I'm trying to make an array of nodes,and enter values from S[] array to it. But I keep getting a segmentation fault. My struct looks like this:
我正在尝试创建一个节点数组,并从S []数组中输入值。但我一直遇到分段错误。我的结构看起来像这样:
typedef struct Node {
int num;
struct Node *next;
}ListNode;
Initialized array of S[10] with random numbers:
带有随机数的S [10]的初始化数组:
printf("list is:");
for(i=0;i<10; i++)
{
RN= (random()+1);
S[i]=RN;
printf("%d ",S[i]);
}
printf("\n");
Here is how I initialized my array of nodes:
以下是我初始化节点数组的方法:
ListNode *bucket[Radix];
for(j=0; j<Radix; j++)
{
bucket[i]=(ListNode*)malloc(sizeof(ListNode));
bucket[i]->next=NULL;
}
And this is the function I use to read array numbers from S[] into the array of linked list, bucket[]:
这是我用来将S []中的数组编号读入链表,bucket []数组的函数:
for(y=0;y<(sizeof(S)/sizeof(int));y++) // S is size of a normal array
{
digit=bucketNumber(S[y],1);// returns the first digit values
pointer= bucket[digit];
number= S[y];
insert_tail(pointer, number);
}
my insert_tail function look like this:
我的insert_tail函数看起来像这样:
ListNode *insert_tail(ListNode *tail, int data)
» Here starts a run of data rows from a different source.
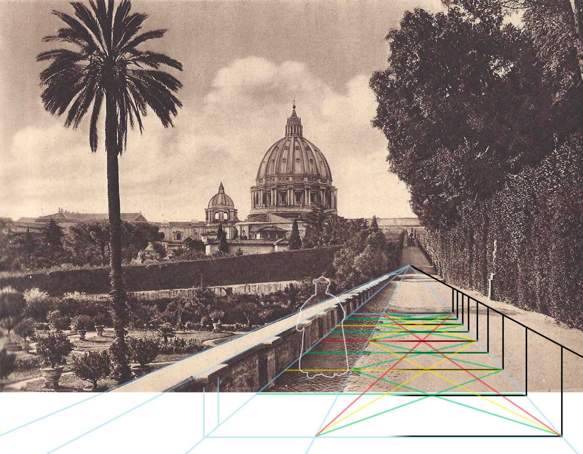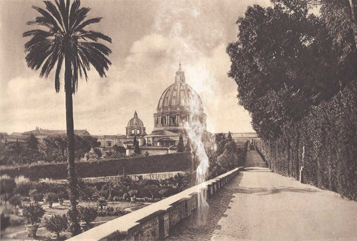 Eine wirkliche Hilfe bei der Analyse unserer beiden Ausgangsfotos sind all diese Varianten aber leider nicht. Sie belegen lediglich, dass diese Stelle in den Vatikanischen Gärten eine sehr beliebte Location gewesen sein muss. (Der Weg scheint heute nicht mehr zu existieren, jedenfalls konnte ich weder ihn noch die Palme auf Google Earth entdecken).
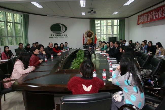 在学校会议室,邬校长向外语同行们详细介绍了我校的外语教学特色和现阶段进行的教育教学改革。她阐述了外语教师应肩负的责任:外语学校教师必须具有国际视野,但首先要拥有民族情怀,只有这样,才能培育出传播中华文化的走向世界的未来国际人才。
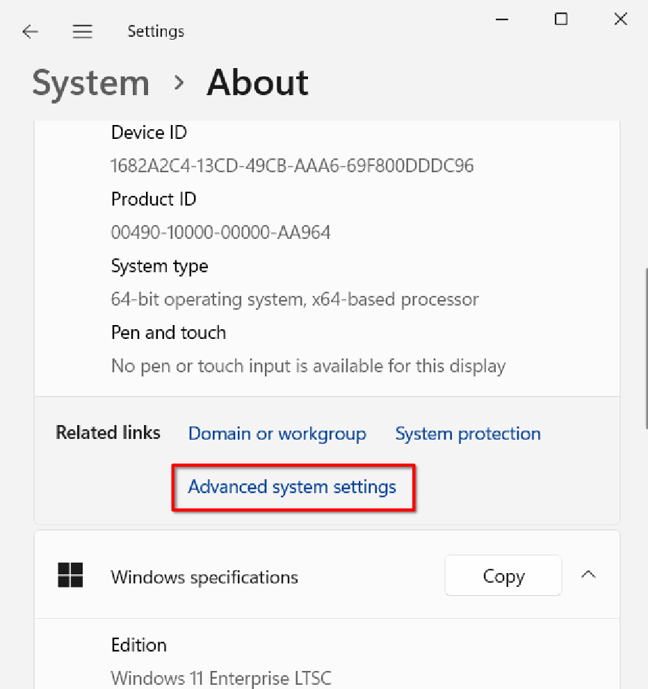 Open Settings, select System settings -> About, choose Advanced system settings
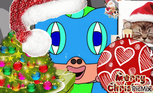 Content Description: a picture of a christmas tree and a cat with the words merry chris picmix on the bottom

// insert and element at tail
{
if (tail==NULL)
{ tail=(ListNode *)malloc(sizeof(ListNode));}
else
{
while(tail->next !=NULL)
tail->next = (ListNode *)malloc(sizeof(ListNode));
tail= tail->next;
}
tail->num= data;
tail->next=NULL;
}
this is the bucketNumber function:
这是bucketNumber函数:
int bucketNumber(int num,int digit)
{
int x, y;
y= 10*digit;
x= num%y;
if(digit>=2)
{
num= num%y;
x= num/(y/10);
}
return (x);
}
}
I think the reason for segmentation fault is that my function is not creating the links in the array properly. I'm not sure thou, there could be something else wrong!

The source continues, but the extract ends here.